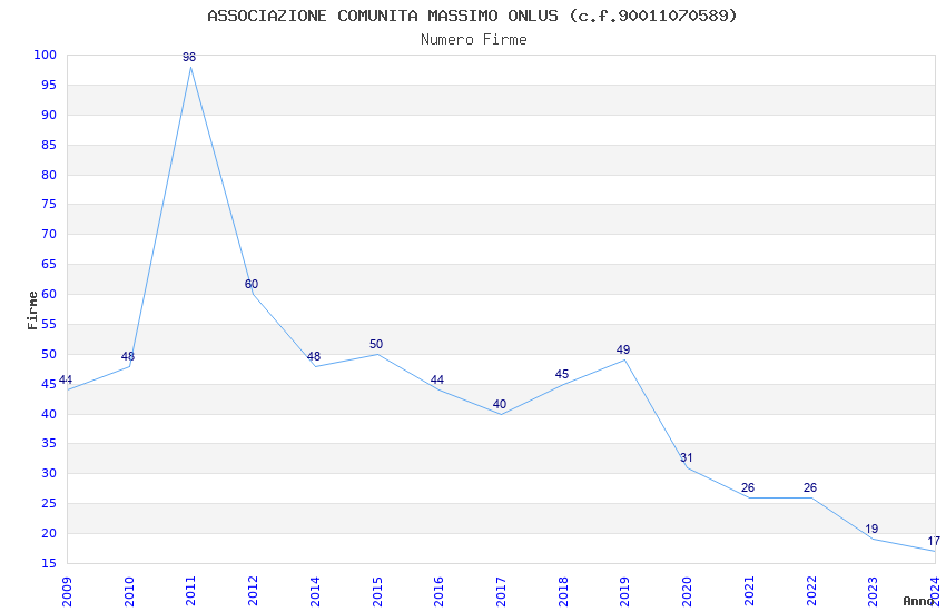 | 2011 | 98 | 1.679,99 | 17,14 | 16.241 | 1.753 | 1.526 | 7 |
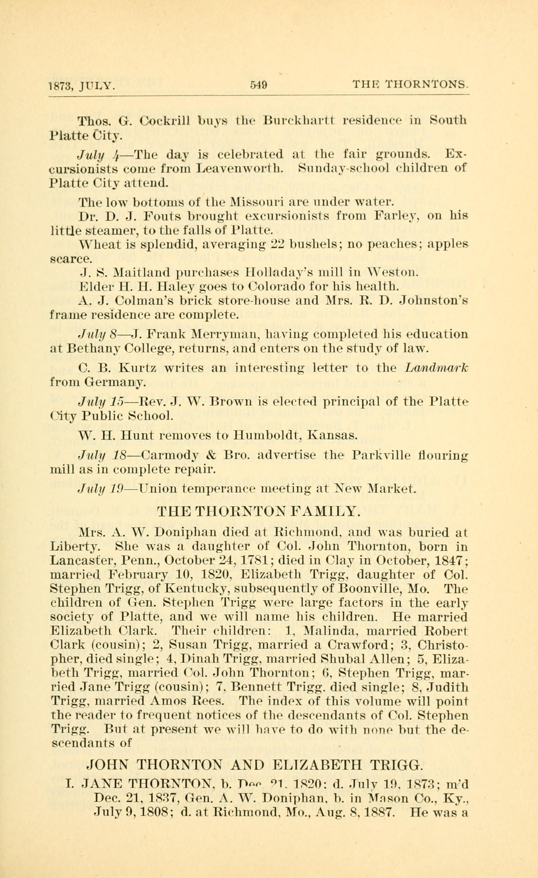Stephen Trigg, of Kentucky, subsequently of Boonville, M0. The
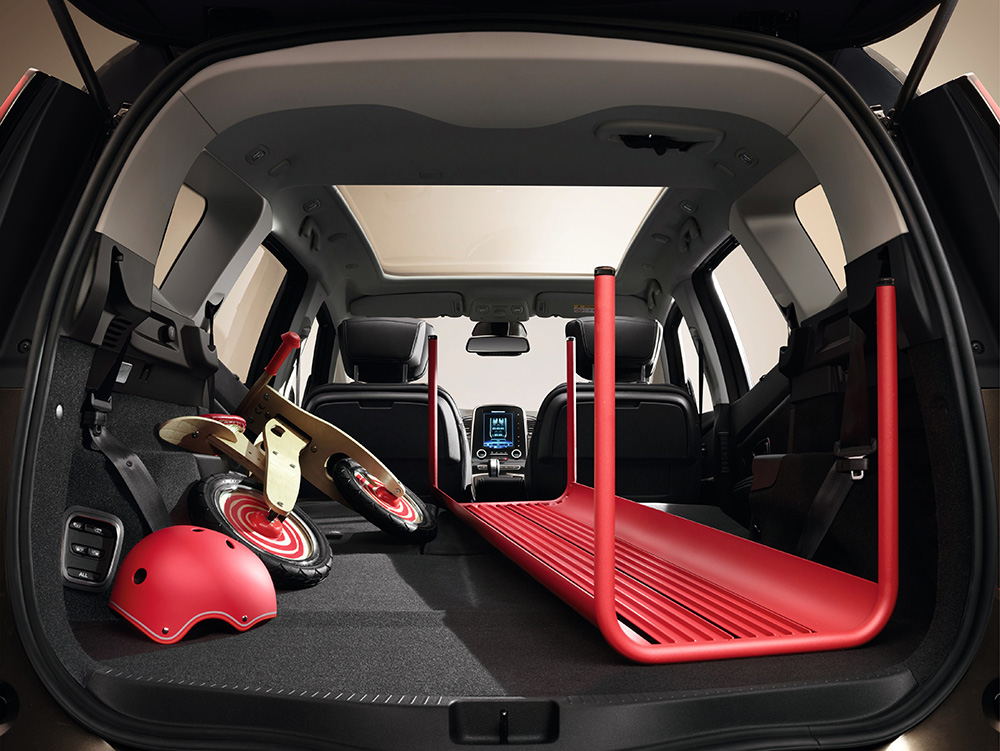 Scaunele din față, împrumutate de la Espace, pot fi reglate electric pe 8 direcții, iar cel al pasagerului – pliat, pentru a obține o lungime de încărcare de 2,85 m. În combinație cu sistemul opțional One Touch Folding Seats, care pliază automat al treilea rând de scaune, se obține o suprafață perfect plană de încărcare. Și asta doar prin atingerea display-ului de pe consila centrală, sau a butonului din portbagaj.

----

Work request —
Before copying the data, remove the pictures. Then repeat the rest exactly.

Result of the exercise —
 | 2011 | 98 | 1.679,99 | 17,14 | 16.241 | 1.753 | 1.526 | 7 |
Stephen Trigg, of Kentucky, subsequently of Boonville, M0. The
 Scaunele din față, împrumutate de la Espace, pot fi reglate electric pe 8 direcții, iar cel al pasagerului – pliat, pentru a obține o lungime de încărcare de 2,85 m. În combinație cu sistemul opțional One Touch Folding Seats, care pliază automat al treilea rând de scaune, se obține o suprafață perfect plană de încărcare. Și asta doar prin atingerea display-ului de pe consila centrală, sau a butonului din portbagaj.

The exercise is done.